#### [ACTIVITY]
The reply should be a single number: the count of lines below that contain the word "tegelijkertijd".

#### [DATASET ENTRIES]
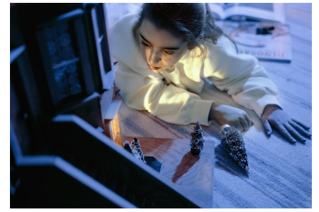
Gregory Crewdson, "Untitled", from the series: «Early Work», 1986-1988.
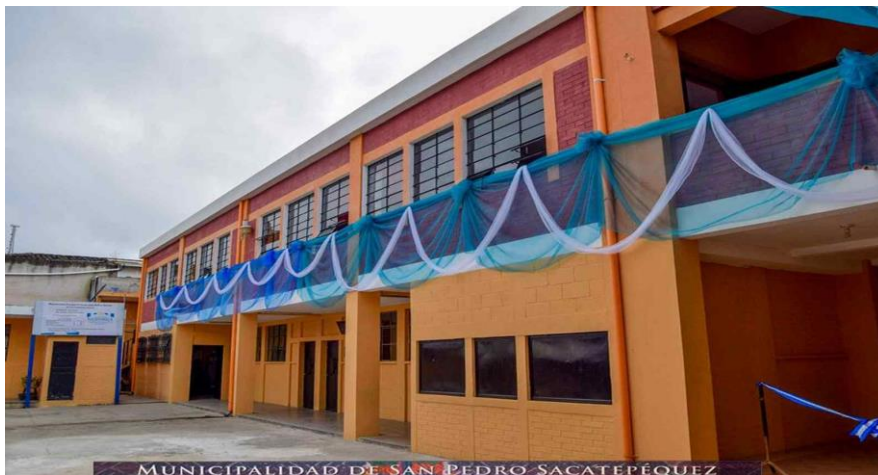
Fotografía 1. Escuela Oficial Urbana Mixta Justo Rufino Barrios.

La escuela mantiene la disciplina y control dentro y fuera del establecimiento, involucrando a los padres de familia en actividades extraescolares para mejorar las relaciones familiares y así mejorar el proceso educativo de los y las estudiantes, de esta manera contribuimos en evitar el bullying con aplicación de normas de convivencia estudiantil.
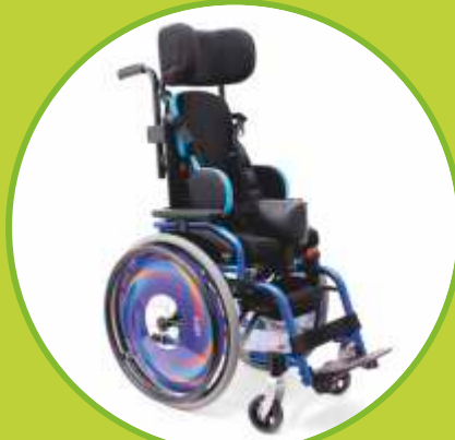
Ortéz trupu sedacie polohovacie
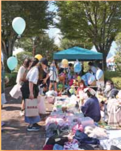
▲フリーマーケット
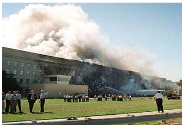
Bild1a: unmittelbar nach dem Einschlag: Wo sind denn die Flugzeugtrümmer?

Wir hörten etwas, was wie eine Rakete klang" ("We heard what sounded like a missile")
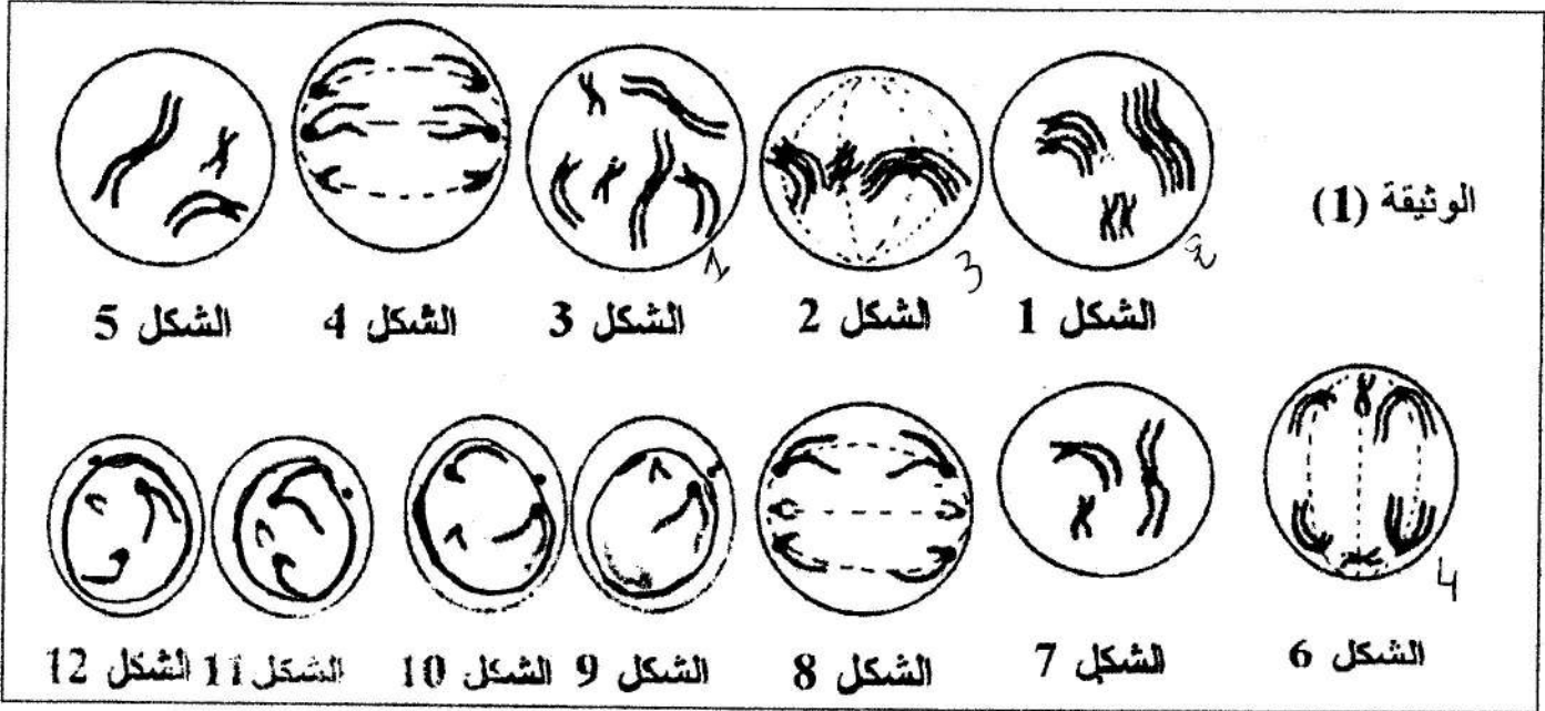
الوثيقة (1) الشكل 1 الشكل 2 الشكل 3 الشكل 4 الشكل 5

I - تمثل الوثيقة (1) بعض المظاهر الخلوية في أكياس طلعية لنبات الذرى .
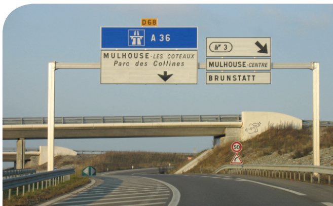
Les infrastructures routières, possibles ressources foncières et supports des mobilités alternatives

Dans le domaine des mobilités individuelles, les infrastructures routières sont un point fort. Les routes et voies rapides sont régulièrement modernisées et le territoire très bien maillé. Elles consomment toutefois énormément d'espace et induisent une ville étalée, carbonée voire privatisée. Les axes cyclables restent cantonnés aux usages de loisirs malgré les courtes distances et la topographie du territoire.
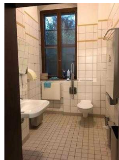
Öffentliches WC für Menschen mit Behinderung
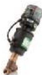
290 Positioner D
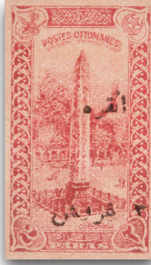
Figure 4: Ankara Hükümeti'nin kullandığı sürşarjlı pul (1920)

Pullardaki padişah portreleri yer yer Dolmabahçe Sarayı gibi sembolik yapılarla yer de Birinci Dünya Savaşı'nda Osmanlı ordularının savaştığı Çanakkale ve Hicaz gibi cepheleri tasvir eden resimlemelerle birlikte pullarda yer almış (Figure 2), bunları II. Meşrutiyet'in ilanı gibi dönüşümleri (Figure 3) ya da Hürriyet Bayramı gibi özel günleri anmak için bastırılan pullar izlemiştir. Osmanlı'nın yanı sıra hem milli mücadele hem de Cumhuriyet dönemlerinde zaman zaman pulların sürşarj denilen teknikle yeniden üretildikleri ve kullanıma sokuldukları da görülmüştür. Mevcut pulun üzerine sonradan baskı yoluyla yapılan manipülasyonu ifade eden sürşarjlama işlemi, pullara yeni mali değer kazandırılmasının yanı sıra birtakım tarihsel olay ve olguların pullar aracılığıyla anılması amacıyla yapılmıştır. Böylelikle söz konusu olay ve olguların mevcut pulların
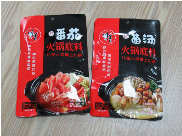
名称: 调味品 货品来源: 工厂货源
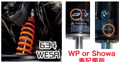
WP or Showa 表記箇所
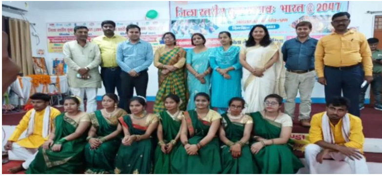
सांस्कृतिक कार्यक्रम में प्रतिभाग किए हुए सफल छात्र एवं अतिथिगण
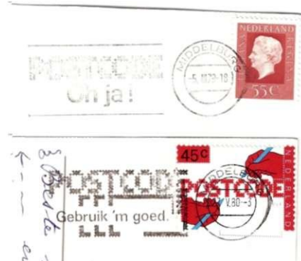
Afb. 84. Twee afdrukken van Universalmachines in Middelburg. De stok bij de "Postcode Oh ja!" vlag is onbeschadigd, die bij "Postcode gebruik 'm/goed'" vertoont een beschadiging, links boven in de buitenencirkel. Op zich genomen is dit geen aanwijzing voor het bestaan van 2 machines omdat een beschadiging of slijtageverschijnsel natuurlijk op een gegeven moment kan ontstaan. Maar van Middelburg is bekend dat de beschadiging tegelijkertijd voorkomt naast een onbeschadigde stok. Voor deze afbeelding is echter gekozen voor duidelijke plaatjes, maar wel op een ander tijdstip.

Slijtage of een beschadiging van een stempel zegt op zichzelf dus niets over het aantal machines. Alleen dan als ze tegelijkertijd voorkomt met gave afstemmingen, mag die conclusie wel getrokken worden.
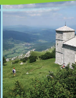
Cerkev sv. Hieronima na Nanosu
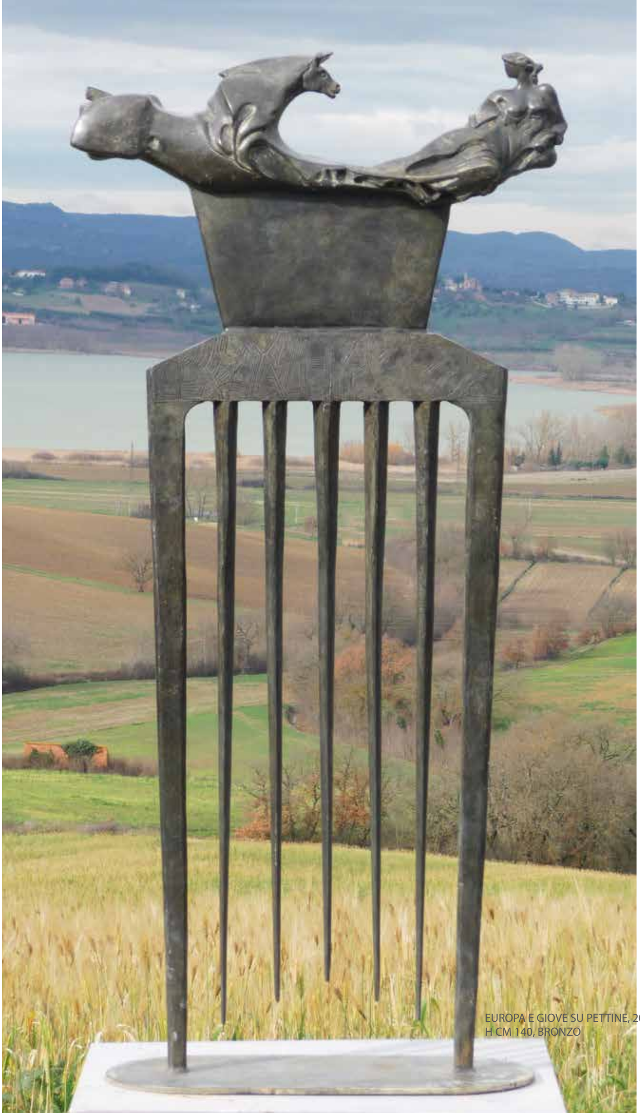
EUROPA E GIOVE SU PETTINE, 2012, H CM 140, BRONZO
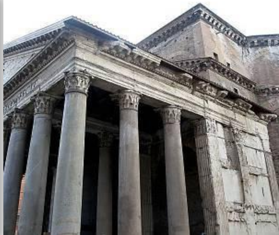
Řím, portikus Panteonu
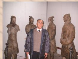
2003年在秦始皇陵地宫勘查项目实施中，在文官坑。
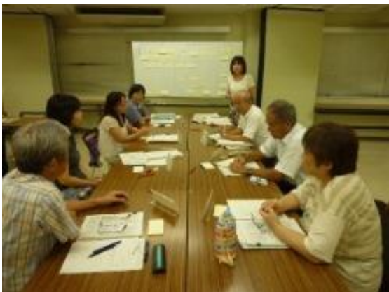
写真 ワークショップ実施状況
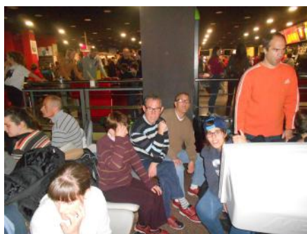
A la bolera
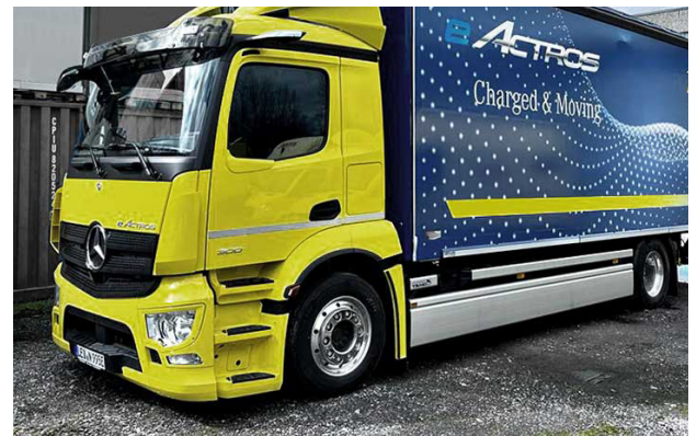
Elektro-LKW von DMS Niesen
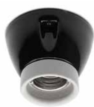
Deckenfassung THPG MINIMAL Porzellan schwarz, Klemmring weiß

Porzellansockel in gerader Form. Max. Ø 75 mm, Höhe 60 mm. Gewicht 200 g. Bestell-Nr. 152649
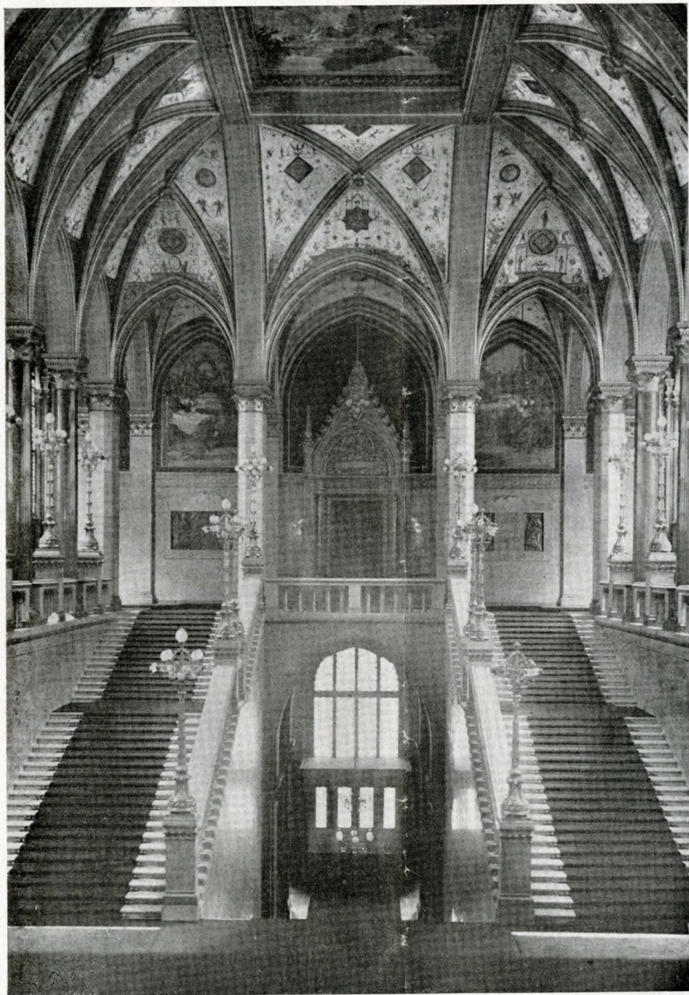
Budapest: palazzo del Parlamento. Scalone d'onore
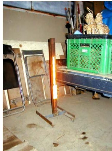
作目：共通 作業：機械使用・管理 目的：作業安全 方法：格納庫へ反射シール付きの棒を立て、機械後退時の印とした。
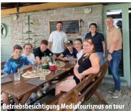
Betriebsbesichtigung Mediatourismus on tour

Unsere Mediatourismus-Gruppe der 4a war am 24. Juni zu Gast beim Familienweingut Germuth – ein großes Dankeschön für die herzliche Einladung! Nach einer spannenden Betriebsbesichtigung und interessanten Einblicken in die Arbeit rund um Weinbau und Buschenschank durften wir eine köstliche Jause auf der wunderschönen Terrasse mit
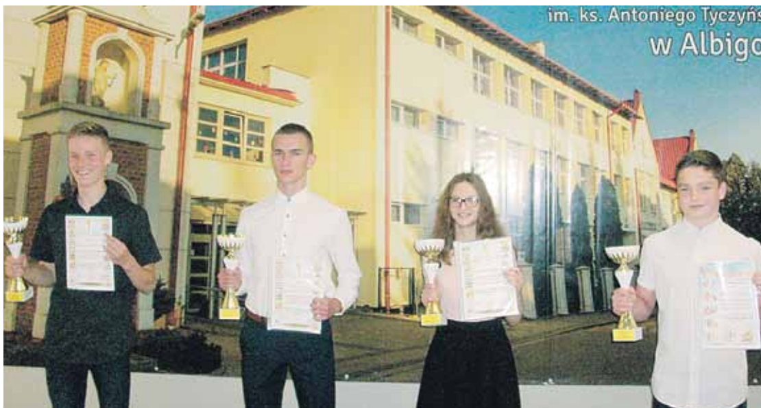
„Sportowcy roku Gminy Łańcut” w dowód uznania otrzymali dyplomy oraz puchary za wybitne wyniki sportowe na poziomie gminy, powiatu i województwa
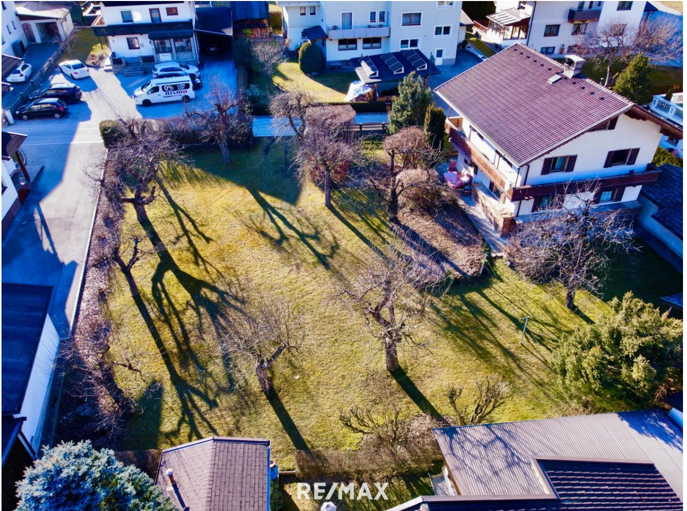
Grundstück Luftbild Ried im Zillertal
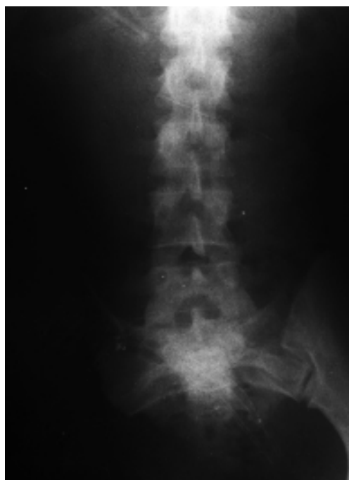
Figura 4. Hemipelvectomía.
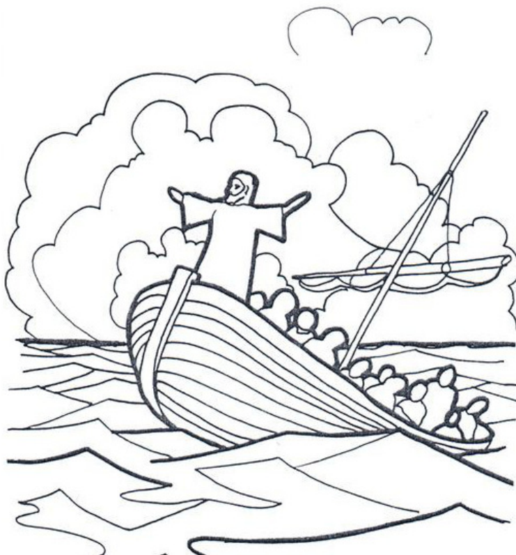
Jezus op het meer. "kom, we zijn weg"

Het is weer zo ver. Een heel jaar hebben we samen gezeten en af en toe zat je wel met de handen in het haar omwille van jouw klas. Maar ik vond het hier fijn! Bedankt. Ook dank aan de moekes van de refter en de opvang en de mensen van het onderhoud. Zonder jullie zou het op school niet zo goed verlopen! Dag vrienden, vriendinnen, Het is vakantie, ik zal jullie missen, weet je. En al heb ik je ooit eens lekker geplaagd, al draaide ik eens mijn rug naar jou, al liet ik je soms aan de kant staan, nu besef ik pas dat we mekaar echt nodig hebben. Het schooljaar is voorbij, ik maak het even stil en vraag aan onze Vader in de hemel glimlachend neer te kijken op ieder van ons en ons bij de hand te nemen gedurende die twee
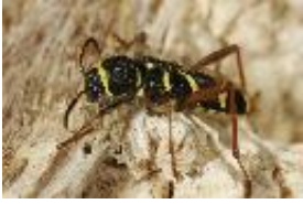
Echter Widderbock, Gemeiner Widderbock oder Wespenbock - Clytus arietis (Linnaeus, 1758), Männchen
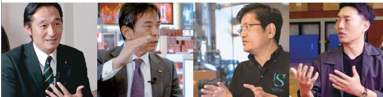
深澤陽一氏【衆議院議員 静岡県第4区選出】
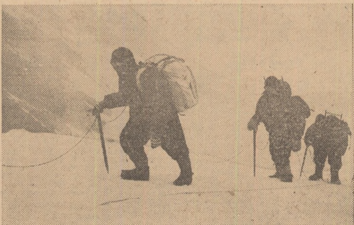
Pan To, în drum spre tabăra de la 8200 m

În acest „An internațional al femeii” poate nu întîmplător s-au înregistrat numeroase performanțe mondiale deosebite realizate de sportive. Printre
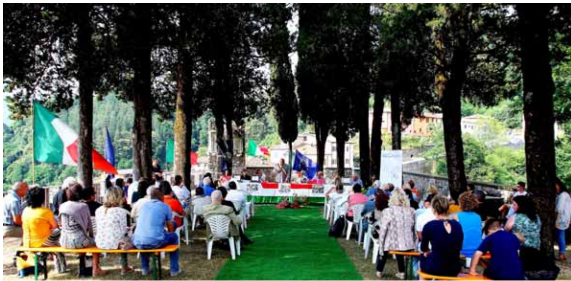
Un momento della premiazione dei vincitori del "Pania"

Tel. 0585 93218 - Cell. 347 5226337 begmarmi@libero.it

#### [ANSWER AREA]
2